§ Task objective:
Every line from the one with "Highspeed Plakat wird" through the last line below should be repeated exactly; pictures stay out of the copy.

Data entries
· · · · ·
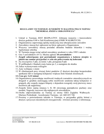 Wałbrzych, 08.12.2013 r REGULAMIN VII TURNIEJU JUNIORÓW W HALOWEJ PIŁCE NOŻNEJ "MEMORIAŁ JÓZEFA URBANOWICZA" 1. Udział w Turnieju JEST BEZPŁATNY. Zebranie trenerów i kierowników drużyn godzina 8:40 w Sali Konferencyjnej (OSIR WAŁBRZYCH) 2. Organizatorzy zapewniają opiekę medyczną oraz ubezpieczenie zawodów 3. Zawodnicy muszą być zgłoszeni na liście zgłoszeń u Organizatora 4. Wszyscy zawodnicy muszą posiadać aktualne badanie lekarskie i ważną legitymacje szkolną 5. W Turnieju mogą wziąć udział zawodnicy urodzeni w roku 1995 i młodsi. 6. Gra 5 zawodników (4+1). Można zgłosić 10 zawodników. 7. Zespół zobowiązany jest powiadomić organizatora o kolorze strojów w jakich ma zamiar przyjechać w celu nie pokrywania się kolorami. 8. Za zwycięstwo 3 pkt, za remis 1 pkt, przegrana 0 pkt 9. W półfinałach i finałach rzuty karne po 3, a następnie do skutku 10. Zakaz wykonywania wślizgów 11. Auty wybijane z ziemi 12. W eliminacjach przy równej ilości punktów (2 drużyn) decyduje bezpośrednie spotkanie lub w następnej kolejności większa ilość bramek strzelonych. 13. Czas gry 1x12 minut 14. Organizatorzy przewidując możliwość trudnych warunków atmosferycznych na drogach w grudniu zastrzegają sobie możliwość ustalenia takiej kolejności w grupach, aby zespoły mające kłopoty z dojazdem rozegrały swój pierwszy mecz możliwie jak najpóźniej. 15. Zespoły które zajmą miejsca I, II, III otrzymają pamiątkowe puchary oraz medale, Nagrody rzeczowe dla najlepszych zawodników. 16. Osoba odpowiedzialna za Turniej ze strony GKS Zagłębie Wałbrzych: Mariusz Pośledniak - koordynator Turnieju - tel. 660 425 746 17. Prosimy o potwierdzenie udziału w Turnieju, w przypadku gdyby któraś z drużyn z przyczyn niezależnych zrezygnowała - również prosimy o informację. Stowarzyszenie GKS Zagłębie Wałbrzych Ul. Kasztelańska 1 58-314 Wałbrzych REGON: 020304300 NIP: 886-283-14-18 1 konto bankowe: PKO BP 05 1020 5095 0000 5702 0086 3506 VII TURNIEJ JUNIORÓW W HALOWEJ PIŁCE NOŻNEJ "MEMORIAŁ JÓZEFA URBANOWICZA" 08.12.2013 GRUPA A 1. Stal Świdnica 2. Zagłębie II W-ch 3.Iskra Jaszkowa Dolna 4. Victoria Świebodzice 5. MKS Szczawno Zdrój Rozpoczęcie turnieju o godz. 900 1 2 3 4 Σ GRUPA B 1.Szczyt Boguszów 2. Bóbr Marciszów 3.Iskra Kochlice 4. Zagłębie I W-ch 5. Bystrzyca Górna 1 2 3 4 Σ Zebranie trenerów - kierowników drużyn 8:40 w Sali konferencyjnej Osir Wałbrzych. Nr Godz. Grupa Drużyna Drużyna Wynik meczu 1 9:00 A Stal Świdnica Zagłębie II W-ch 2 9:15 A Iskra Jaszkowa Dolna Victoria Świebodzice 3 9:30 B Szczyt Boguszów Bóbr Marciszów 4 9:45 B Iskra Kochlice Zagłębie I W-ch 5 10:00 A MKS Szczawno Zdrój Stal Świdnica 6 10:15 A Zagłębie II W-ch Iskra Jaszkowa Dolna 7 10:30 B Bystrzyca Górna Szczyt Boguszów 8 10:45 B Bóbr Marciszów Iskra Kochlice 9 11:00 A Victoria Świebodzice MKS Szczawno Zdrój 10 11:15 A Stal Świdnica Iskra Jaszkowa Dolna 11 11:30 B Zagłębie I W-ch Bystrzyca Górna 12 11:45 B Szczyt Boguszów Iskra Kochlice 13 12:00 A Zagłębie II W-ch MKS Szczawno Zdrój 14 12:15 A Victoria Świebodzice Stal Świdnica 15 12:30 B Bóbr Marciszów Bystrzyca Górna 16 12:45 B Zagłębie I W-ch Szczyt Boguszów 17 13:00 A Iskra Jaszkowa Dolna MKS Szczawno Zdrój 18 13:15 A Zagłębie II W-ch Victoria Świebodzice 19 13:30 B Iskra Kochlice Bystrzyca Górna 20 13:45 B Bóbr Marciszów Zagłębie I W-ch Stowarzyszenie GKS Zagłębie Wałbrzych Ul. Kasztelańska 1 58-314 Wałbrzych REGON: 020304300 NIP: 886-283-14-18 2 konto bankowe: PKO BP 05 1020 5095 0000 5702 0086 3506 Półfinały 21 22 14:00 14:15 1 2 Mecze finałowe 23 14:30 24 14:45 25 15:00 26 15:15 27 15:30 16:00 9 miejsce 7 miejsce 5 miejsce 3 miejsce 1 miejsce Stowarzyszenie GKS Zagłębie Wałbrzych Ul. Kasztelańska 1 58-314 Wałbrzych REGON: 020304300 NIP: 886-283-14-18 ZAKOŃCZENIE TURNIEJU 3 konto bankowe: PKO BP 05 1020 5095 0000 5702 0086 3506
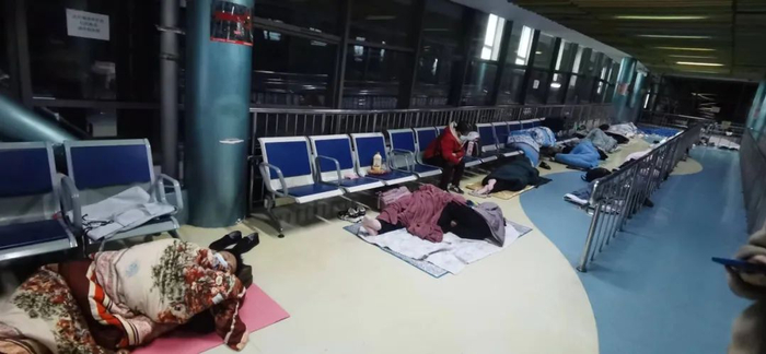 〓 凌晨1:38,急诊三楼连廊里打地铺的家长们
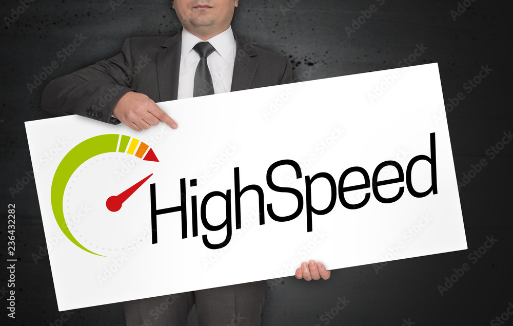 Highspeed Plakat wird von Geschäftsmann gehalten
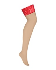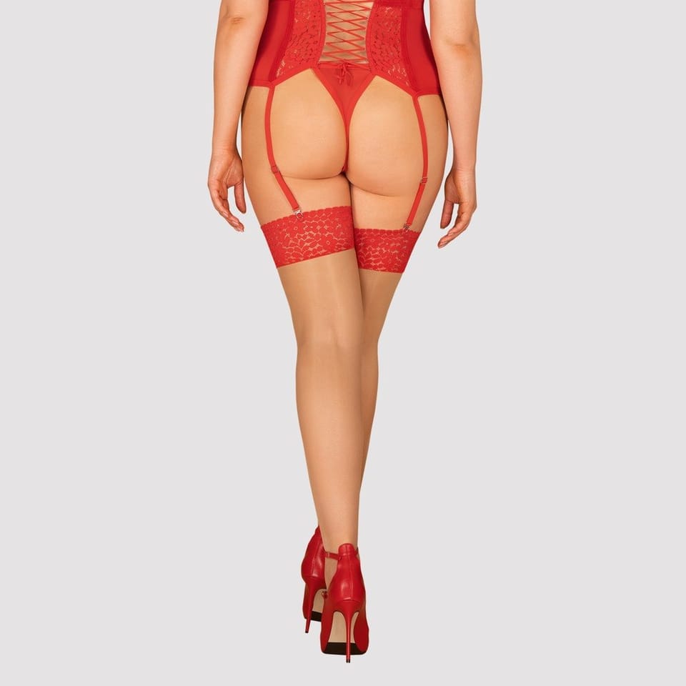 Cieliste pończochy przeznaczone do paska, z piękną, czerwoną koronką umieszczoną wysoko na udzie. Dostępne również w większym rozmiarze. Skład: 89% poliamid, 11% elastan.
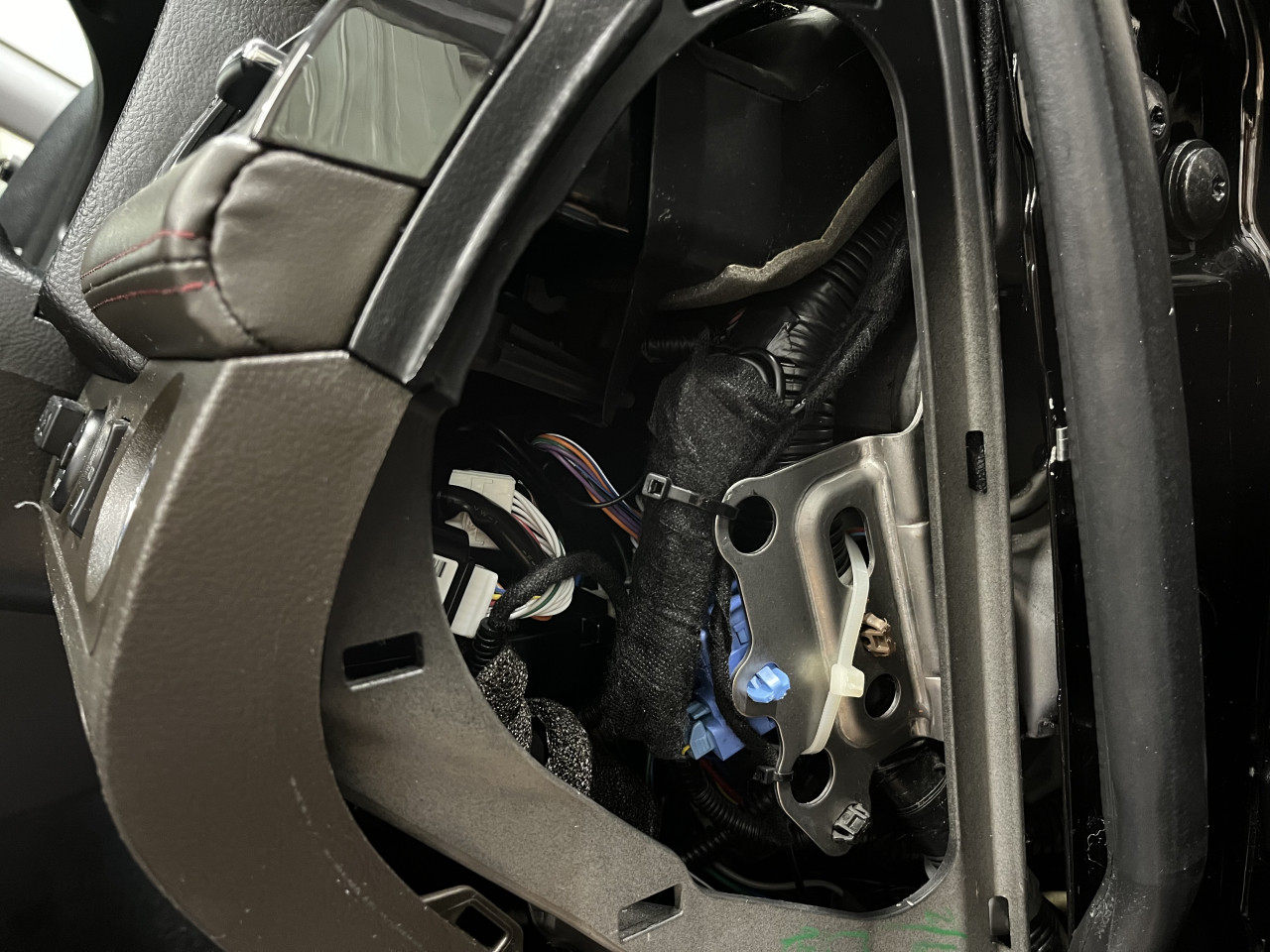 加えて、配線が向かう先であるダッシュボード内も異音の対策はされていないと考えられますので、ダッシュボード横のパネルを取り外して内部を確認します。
· · · · ·
§ Reply to the exercise:
 Highspeed Plakat wird von Geschäftsmann gehalten
 Cieliste pończochy przeznaczone do paska, z piękną, czerwoną koronką umieszczoną wysoko na udzie. Dostępne również w większym rozmiarze. Skład: 89% poliamid, 11% elastan.
 加えて、配線が向かう先であるダッシュボード内も異音の対策はされていないと考えられますので、ダッシュボード横のパネルを取り外して内部を確認します。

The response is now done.